Annual Pentagon Report on China’s Military

Admiral Timothy Keating, head of U.S. Pacific Command. Source: CNN

Admiral Timothy Keating, head of U.S. Pacific Command. Source: CNN



Obama Administration: 

Please don’t neglect China because of too much focus on Afghanistan, Iraq, the Middle East and elsewhere, like, uh, your predecessor did…


The Pentagon has been required by law since 2000 to report to Congress annually on China’s military.  This year’s report, along with testimony this week before Congress by Admiral Timothy Keating, the head of U.S. Pacific Command, is reported on by CNN.  The full Pentagon report appears on the DoD web site.


It appears that the themes stressed in this year’s report are much the same as last year’s: China’s relentless effort to project military power, including across the Taiwan Straits; its continuing difficulty to establish such a capability; and, the ongoing shift of the Asian balance of power in China’s favor.  This year’s Pentagon report appears to emphasize more the lack of transparency about China’s capabilities and intentions.  The latter was exacerbated when direct U.S.-Chinese military-to-military talks were suspended after Washington announced in November 2008 it was selling weapons to Taiwan.  And, the incident over the US surveillance vessel, the Impeccable, caught nearly a 100 miles offshore China earlier this month, has likewise soured relations between the two great powers.  Admiral Keating told Congress he wanted the dialogue with China to resume.

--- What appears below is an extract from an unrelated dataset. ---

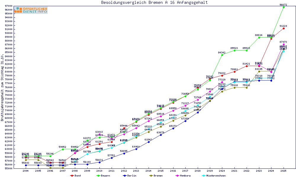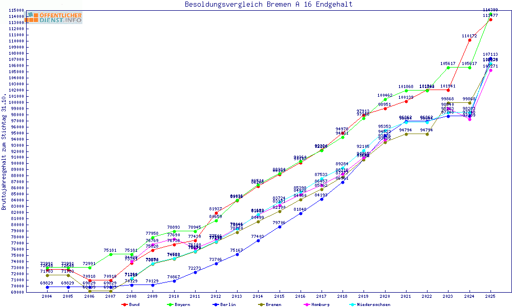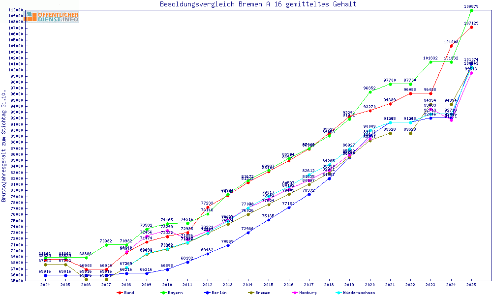 | Besoldungsvergleich A 16 im Jahr 2025 | Anfangsgehalt | ||||||

The West has been successful thus far in bringing China into its institutions, evidenced above all by China’s becoming a major player in the global economy.  It would be worthwhile, therefore, for tensions over Taiwan and over the multiple national claims in the South China Sea to be reduced.  While national interests will continue to collide, a reduction of uncertainty about intentions and objectives would serve to reduce the frictions.